Set the $h subfield to a new value (or create it when it doesn't exist yet):

   marc_set(100h, test123)

Only set the 100 field if the first indicator is 3

   marc_set(100[3]h, test123)

=head2 Remove a MARC (sub)field

Remove all fields 500 , 501 , 5** :

   marc_remove(5**)

Remove all 245h fields:

   marc_remove(245h)

=head2 Append text to a MARC field

Append a period to the 500 field is there isn't already there:

  do marc_each()
    unless marc_match(500, "\.$")    # Only if the current field 500 doesn't end with a period
      marc_append(500,".")           # Add to the current 500 field a period
    end
  end

Use the L<Catmandu::Fix::Bind::marc_each> Bind to loop over all MARC fields. In the
context of the C<do -- end> only one MARC field at a time is visible for the C<marc_*> fixes.

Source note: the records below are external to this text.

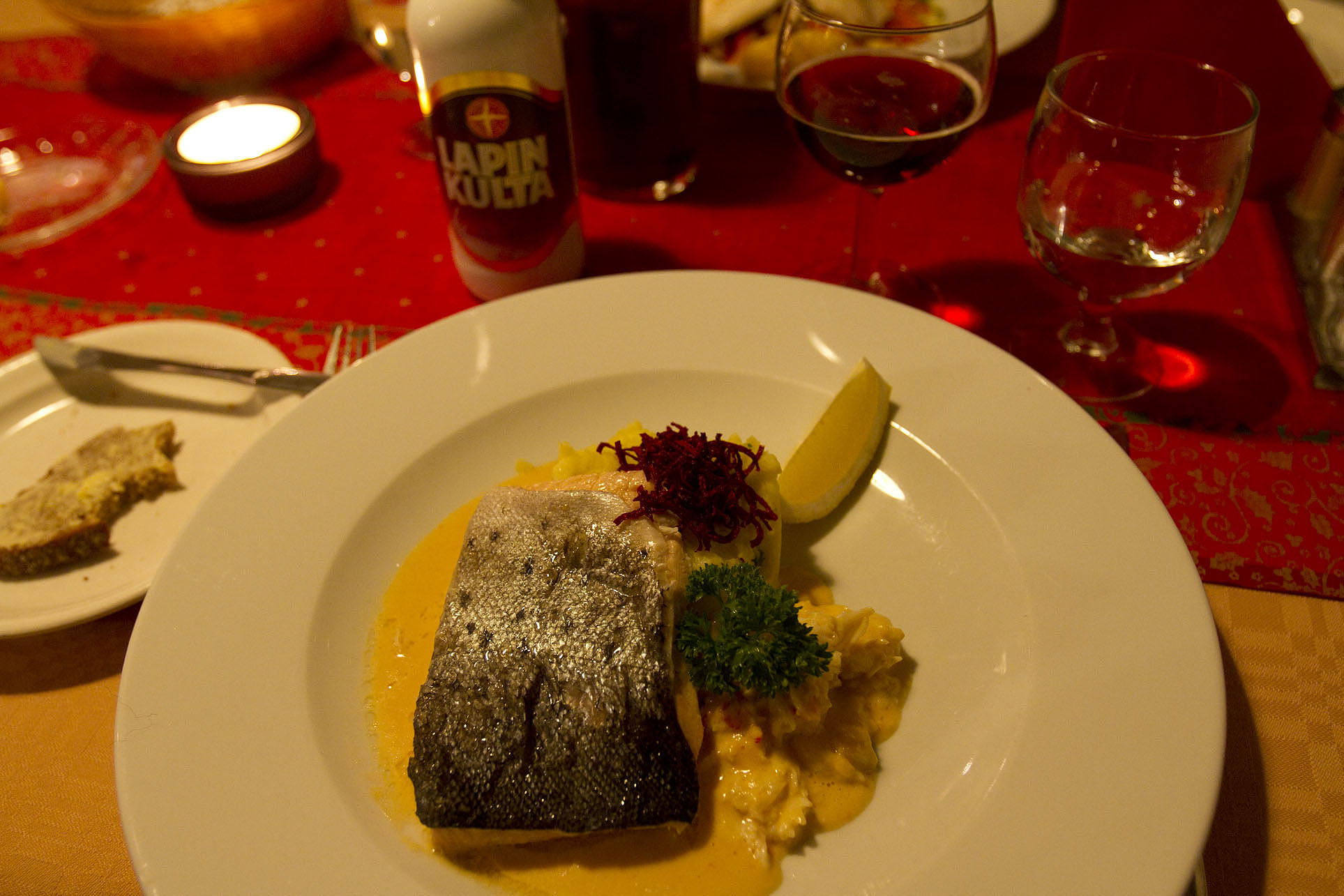 Lake Inari trout, North Sea crab, and mashed potatoes with beet, and Lapin Kulta, the local beer.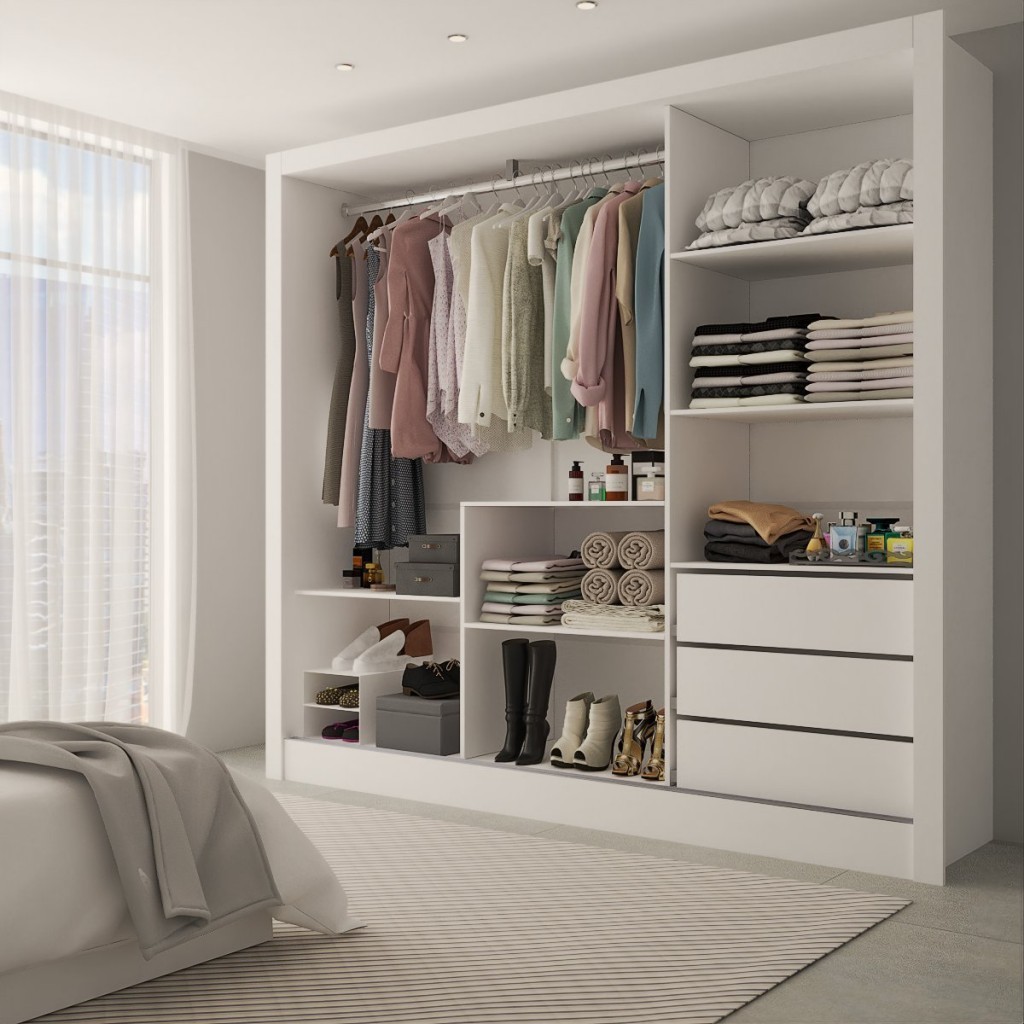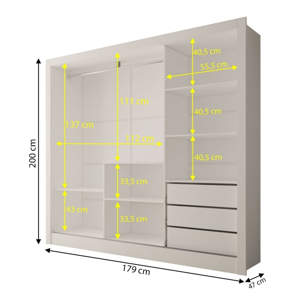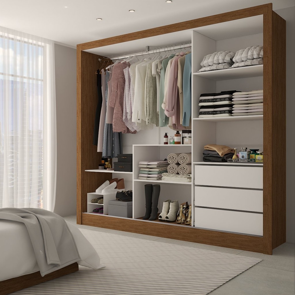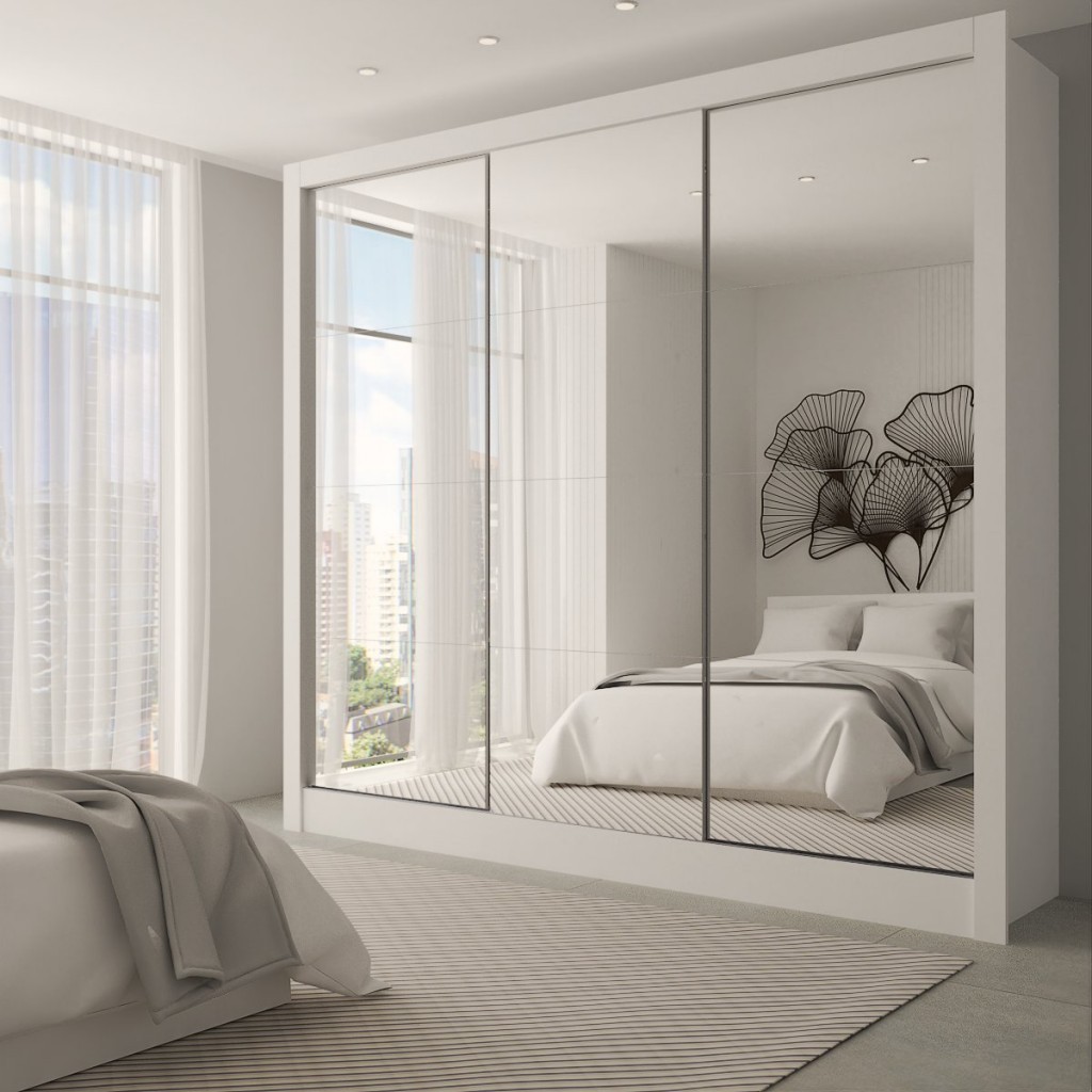 Guarda-Roupa Casal Giulia 3 Portas de Correr 3 Gavetas com Espelho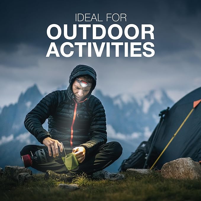 - [Durable LED Head lamp]: 400 lumen headlamp led light 4x brighter than the standard LED technology with 3-hour runtime on high, 35-hour runtime on low, 85-meter beam distance, IPX4 water-resistance and impact-resistance up to 1 meter

=head2 The marc_each binder

All C<marc_*> fixes will operate on all MARC fields matching a MARC path. For example,

   marc_remove(856)

will remove all 856 MARC fields. In some cases you may want to change only some of the fields
in a record. You could write:

  if marc_match(856u,"google")
     marc_remove(856)
  end

in the hope it would remove the 856 fields that contain the text "google" in the $u subfield.
Alas, this is not what will happen. The C<if> condition will match when the record contains one or
more 856u fields containing "google". The C<marc_remove> Fix will delete B<all> 856 fields. To
correctly remove only the 856 fields in the context of the C<if> statement the C<marc_each> binder
is required:

  do marc_each()
    if marc_match(856u,"google")
       marc_remove(856)
    end
  end

The C<marc_each> will loop over all MARC fields one at a time. The if statement will only match when
the current MARC field is 856 and the $u field contains "google". The C<marc_remove(856)> will only
delete the current 856 field.

In C<marc_each> binder, it seems for all Fixes as if there is only one field at a time visible in the record.
This Fix will not work:

  do marc_each()
    if marc_match(856u,"google")
       marc_remove(900)           # <-- there is only a 856 field in the current context
    end
  end

=head2 marc_copy, marc_cut and marc_paste

The L<Catmandu::Fix::marc_copy>, L<Catmandu::Fix::marc_cut>, L<Catmandu::Fix::marc_paste> Fixes
are needed when complicated edits are needed in MARC record.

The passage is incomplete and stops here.